If you watch a Penguins game on TV, you may notice a curious name on the ice that’s not as well-known as the giant car companies that usually take up that space. That’s Fifth Season. It’s a Pittsburgh startup that’s grown exponentially over the past few years by growing their delicious greens (yes, I can vouch for this) entirely inside an old factory in Braddock, next to the massive, fire-spewing Edgar Thompson Steel Works that still dominates the struggling city’s skyline.

“The Penguins are a household name here,” explains Fifth Season CEO and co-founder Austin Webb.  “They’re beloved and we’re fans as well. In getting our name out there, more people can know about and try our product. The players actually eat our greens as well, to fuel them for the games.”

The company is growing quickly from its startup roots at Carnegie Mellon. They now have three blends of greens for purchase, and seven ready-to-eat salad kits (like a Toasted Tuscan salad with crunchy bagel chips and sun-dried tomatoes), including two salads featuring Sabra brand hummus and guacamole. You can order them online in the Pittsburgh area and they’ll deliver to your door, or find them in over 1,000 Giant Eagle, and now Kroger and ShopRite stores.

“Just a few weeks ago we were in 500 locations,” says Webb “So we doubled the locations, basically, in the month of March.”

Working with Cincinnati-based Kroger is big — they’re the country’s largest grocer by revenue. So, Fifth Season is also working on expanding its Ohio presence with plans for a new grow facility, three times the size of the one in Braddock, at 180,000 square feet, in Columbus.

Fifth Season also opened a new office in the Highline on the South Side of Pittsburgh. Itself a reuse of a massive complex of 100-year-old brick warehouses.

Fifth Season is working on a new robotic-assisted, vertically-grown technology for agriculture, that will help them #InvestInOurPlanet — helping feed a world whose food supply will be disrupted by the effects of climate change in the near future. 

 They do this in several ways.

“We're able to grow a lot more with less,” says Webb. “We use up to 95% less water than traditional field agriculture because we're able to have direct application of nutrient-rich water to the roots…We also are able to recirculate and reuse our water so any water that's not taken up by the plants in the roots -— we're able to reuse that water. We re-treat it, do nutrient-recovery dosing and then send that back to the plants when they're ready for it.”
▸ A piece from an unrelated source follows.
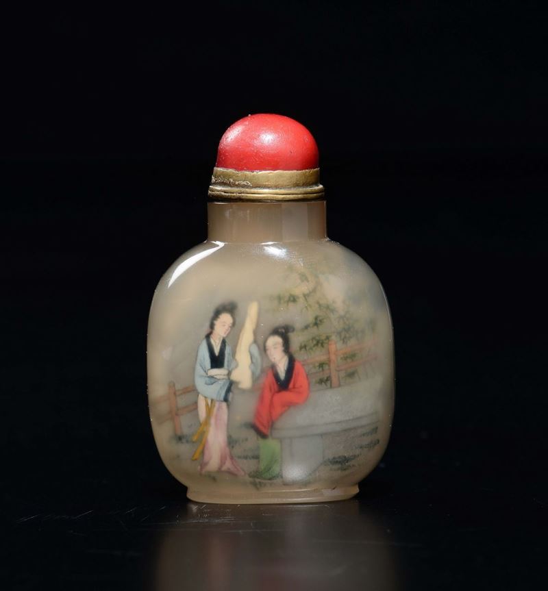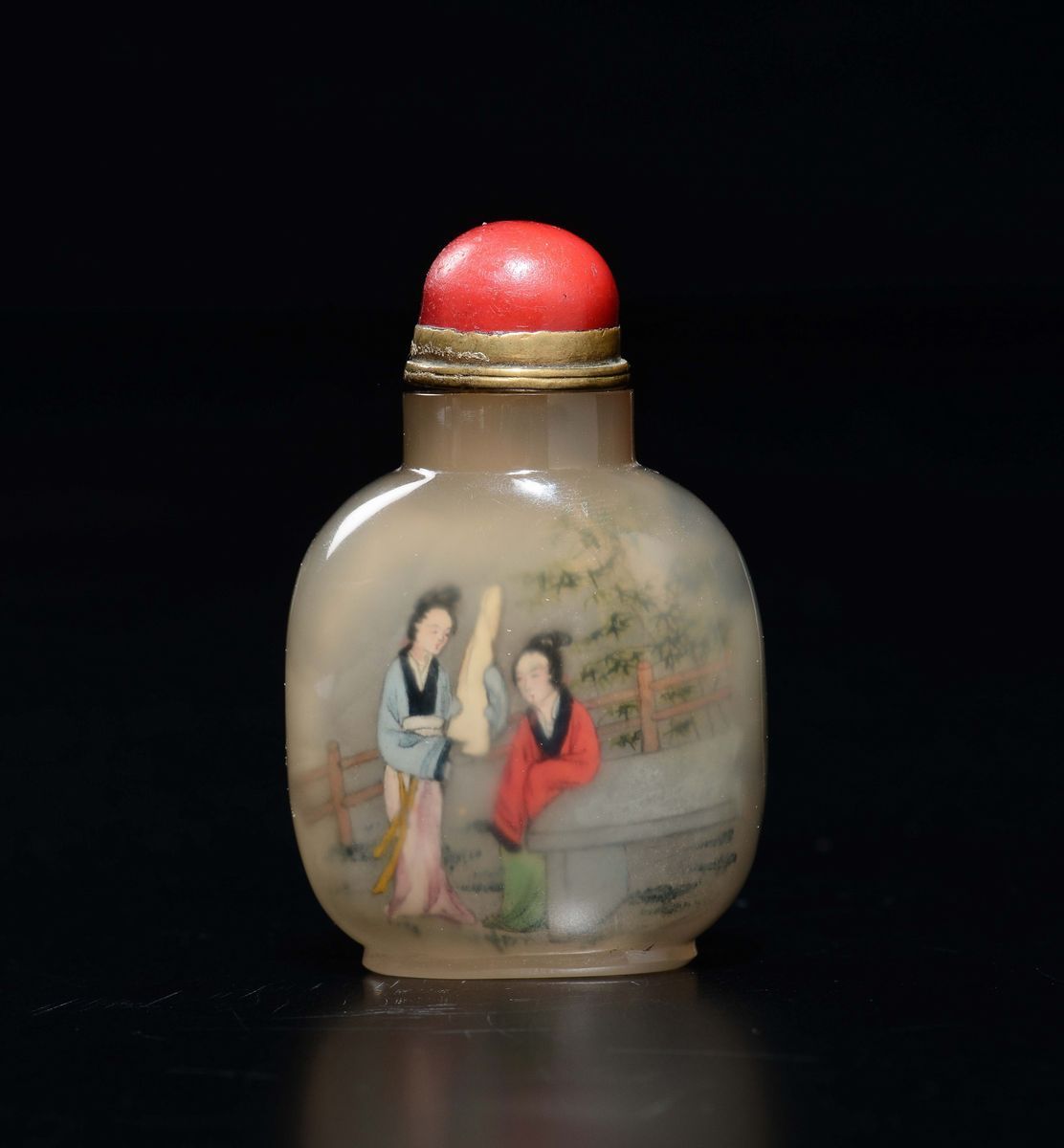 Snuff bottle in agata dipinta con personaggi, firmata, Cina, Dinastia Qing, XIX secolo

They also recapture water from the humidity in the air. Every plant’s needs are attended to by robots.

“We use 97% less land than traditional agriculture because we stack (plants) vertically,” says Webb. “Braddock is a 60,000-square-foot facility; that’s one and a half acres. Because we have less waste, less seasonality — we create the perfect environment — you're going to have generally better yields. Sometimes, we grow plants faster than you could outdoors if you have variable weather. When you put each of those together, we're able to do you know, over 100 times, in some cases eventually 200 times, what you could do on the same 2-D-square-foot basis (using traditional farming methods).” 

They also have no need for herbicides or pesticides and create no agricultural runoff, of the type that creates “dead zones” in waterways.

Despite the expansions in Columbus and the South Side, Fifth Season remains committed to its hometown in Braddock.

“We’ve donated over 12,000 pounds of food to 412 Food Rescue and the Braddock Free store,” says Webb. “Braddock is kind of a food desert.”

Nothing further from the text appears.